2014-10-05 5 views
0

Я создал бабочку индексные файлы с помощью бабочку-индекса в Баш скрипт следующим образом:TopHat не удалось найти индекс Боути файлы, даже если правильный путь

bowtie-build $FA_FILE $OUTPUT_BASE 

(сценарий можно найти здесь: https://github.com/kennethphough/bioinformatics/blob/master/sge/sge_build_index)

Я хочу, чтобы каждый узел моего кластера выравнивал мои файлы последовательности с хромосомой, а не ко всему геному. Поэтому теоретически, если я запускаю экземпляр tophat для каждой хромосомы для одного и того же файла последовательности на каждом узле, он должен быть быстрее, чем запустить tophat на одном узле для всего генома.

Я убедился, что расположение моих Боути файлов индекса было экспортировано примерно так:

export BOWTIE_INDEXES="$(dirname ${EBWT})/" 

, а затем выполнить Tophat так:

tophat -p 4 -G $GTF -o $OBASE $Chr $FASTQ 

$GTF содержит этот путь к файлу аннотаций, $Chr содержит имя файла индекса (исключая расширение файла .ebwt), а $FASTQ содержит путь к файлу чтения последовательности.

(сценарий можно найти здесь: https://github.com/kennethphough/bioinformatics/blob/master/sge/sge_tophat)

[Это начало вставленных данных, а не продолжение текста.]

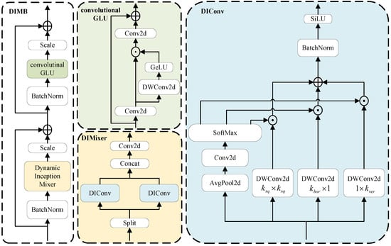 The DIMB module consists of three components: dynamic inception convolution (DIConv), dynamic inception mixer (DIMixer), and a residual cross-layer connection structure designed to enhance feature propagation. This design is inspired by the MetaFormer architecture [56], which emphasizes the importance of token mixing and residual pathways for efficient information flow.
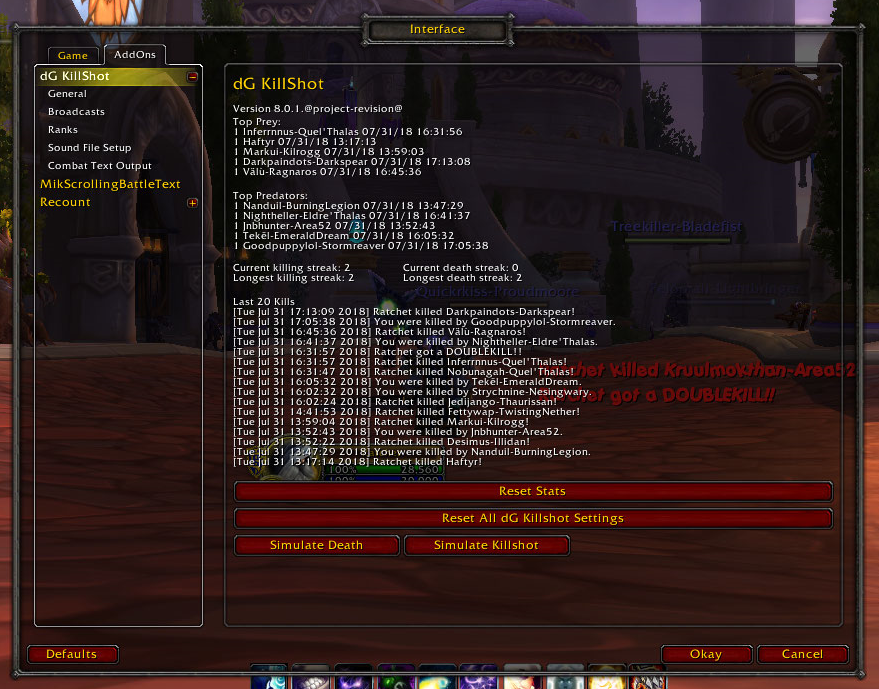 Plays Unreal Tournament style sounds when you get a Killshot! It keeps count of your streaks working well with War Mode. It also tracks how many times you have killed or been killed by each player. Guild, raid and party communications are built in so it notifies others with that also have the mod that you got the kill-shot. It does this by playing the Unreal Tournament sounds. ("Ownage!", "Killing Spree!", "Dominating!", "Unstoppable!", "Godlike!", and "Wicked Sick!")
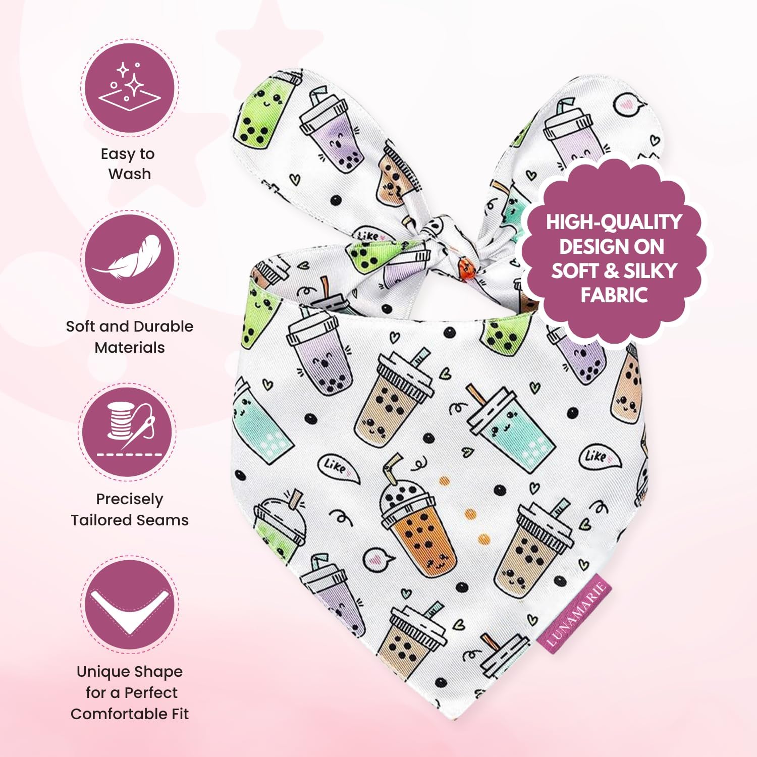 LunaMarie - Luxury Pet Birthday Bandanas -Premium & Silky Poly Fabric | 100% Handmade | Custom Shape Dual Layered (Boba, Medium)
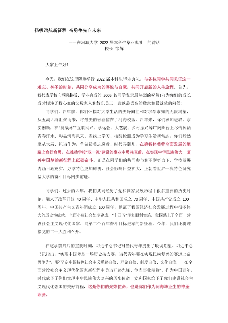 / 扬帆远航新征程 奋勇争先向未来——在河海大学2022届本科生毕业典礼上的讲话
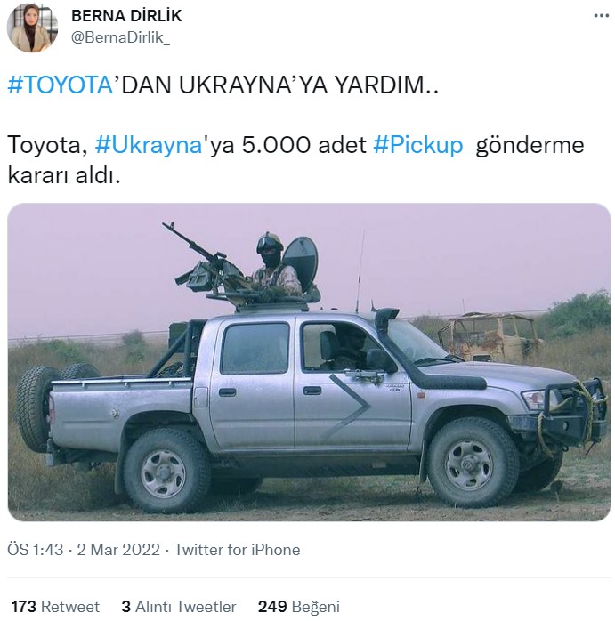 Toyota’nın Ukrayna’ya araç gönderdiğine dair bir paylaşımı yok

Когда я запускаю сценарий, я получаю сообщение об ошибке сказав индекс Боути не может быть foudn. Отрывок ниже:

[Sun Oct 5 15:08:48 2014] Beginning TopHat run (v1.1.2) 
----------------------------------------------- 
[Sun Oct 5 15:08:48 2014] Preparing output location /home/kennethphough/GSE58365/fast/chr11_gl000202_random.1/ 
[Sun Oct 5 15:08:48 2014] Checking for Bowtie index files 
Error: Could not find Bowtie index files /home/kennethphough/genome/hg19/chr11_gl000202_random.1.* 

Индексный файл Боути в вопросе для вышеуказанной ошибки chr11_gl000202_random.1.ebwt, который я подтвердил, что он там. Любое руководство по поводу того, что происходит неправильно, будет с благодарностью оценено.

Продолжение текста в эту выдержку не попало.